Continental Conference on the death penalty in Africa: A decisive step towards an abolitionist continent

From July 2 to 4, 2014, the African Commission on Human and Peoples’ Rights (ACHPR), in cooperation with the Benin authorities, organised, in Cotonou, Benin, the first Continental Conference on the death penalty.

This Conference, which gathered representatives from African Union (AU) Member States, parliamentarians, national human rights institutions, civil society organisations, has permitted to debate on the issue of the death penalty in Africa as well as on the need for the adoption of a regional legal instrument on its abolition. Today, 78 Human Rights Organizations launch a “Manifesto for a Protocol to the African Charter on the abolition of the death penalty” supporting the adoption, by AU Member States, of a regional legal instrument expressly stating the abolition of the death penalty.

For Karim Lahidji, FIDH President "The ongoing debates on the death penalty in Africa constitute an undeniable opportunity for African countries to strengthen the global and growing movement in favour of the abolition of the death penalty. Concrete actions and commitments must be made in favour of the adoption of an African Protocol explicitly abolishing the death penalty".

For Paul Angaman, Chairperson of ACAT Côte d’Ivoire and member of FIACAT, the adoption of an African Protocol on the abolition of the death penalty will allow AU Member States to develop a sense of ownership of the abolitionist movement and to strengthen the continental dimension of the abolition of the death penalty.

The regional trend against the death penalty is a reality: 17 [1] AU Member States have enacted laws to abolish the death penalty , including 4 States in the past 5 years, and 19 [2] other Member States are de facto abolitionist. Despite this encouraging trend towards abolition, resistance remains : in 2013, death sentences were passed in at least 19 African countries and executions were carried out in at least 5 [3] of them. "The abolition of the death penalty will soon become a matter of the past. It is important to continue debating openly with African States which still retain the death sentence and to explore together with them, strategies to achieve abolition, said Alice Mogwe, FIDH Deputy Secretary General, Director of DITSHWANELO – The Botswana Centre for Human Rights and Member of the ACHPR Working Group on the Death Penalty.

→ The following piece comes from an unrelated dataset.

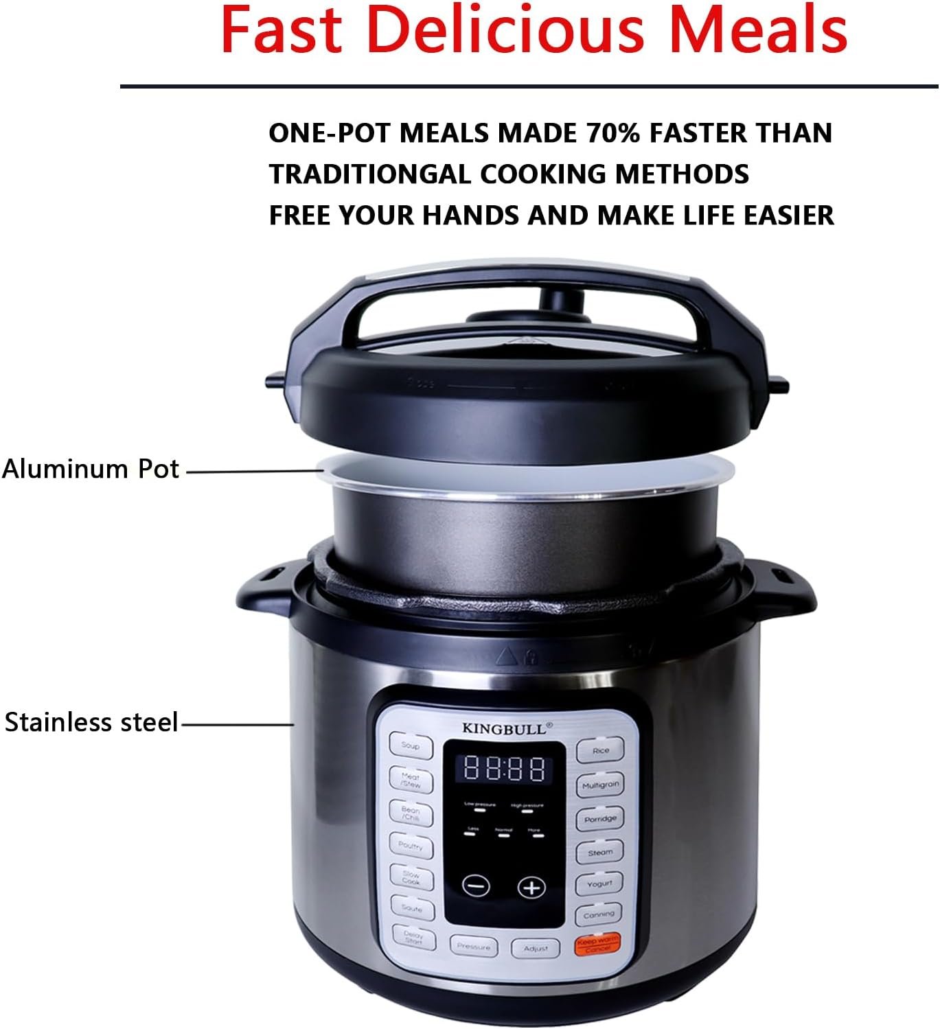 [Advanced safety protection and accessories]:KINGBULL electric pressure cooker has ETL certification, anti-opening safety design, automatic pressure and temperature control, overheating protection, safety lock, etc. Accessories include Rice Paddle,Measuring Cup, Condensation Collector, and User Manual. Reminder: Before using the electric pressure cooker, please read the user manual carefully before proceeding!

Among the strategies envisaged by the ACHPR Working Group on the Death Penalty to achieve a continental abolition is the adoption of a regional legal instrument on the abolition. In 2011, following a study on the situation of the death penalty in Africa, carried out with the support of FIDH, FIACAT and the WCADP, the Working Group had indeed recommended African States to adopt a Protocol to the African Charter on Human and Peoples’ Rights on the abolition of the death penalty.

According to Florence Bellivier, President of the World Coalition against the Death Penalty, "the adoption of an African regional instrument aiming at the abolition of the death penalty would help to clarify the legal means to achieve abolition. It would also be an encouraging instrument which would strengthen the advocacy for the universal abolition."

FIDH, FIACAT and the World Coalition against the Death Penalty were represented at this Continental Conference along with representatives of their member and partner organisations from Senegal, Burkina Faso, Botswana, Tanzania, Zimbabwe, Uganda, Nigeria, Mali, Côte d’Ivoire, Benin, Congo, Tunisia, Nigeria, Benin, Mali, Côte d’Ivoire. Our organisations will continue calling for a Protocol to the African Charter on Human and People’s Rights, explicitly abolishing the death penalty in Africa, to be proposed to the African Union for its adoption.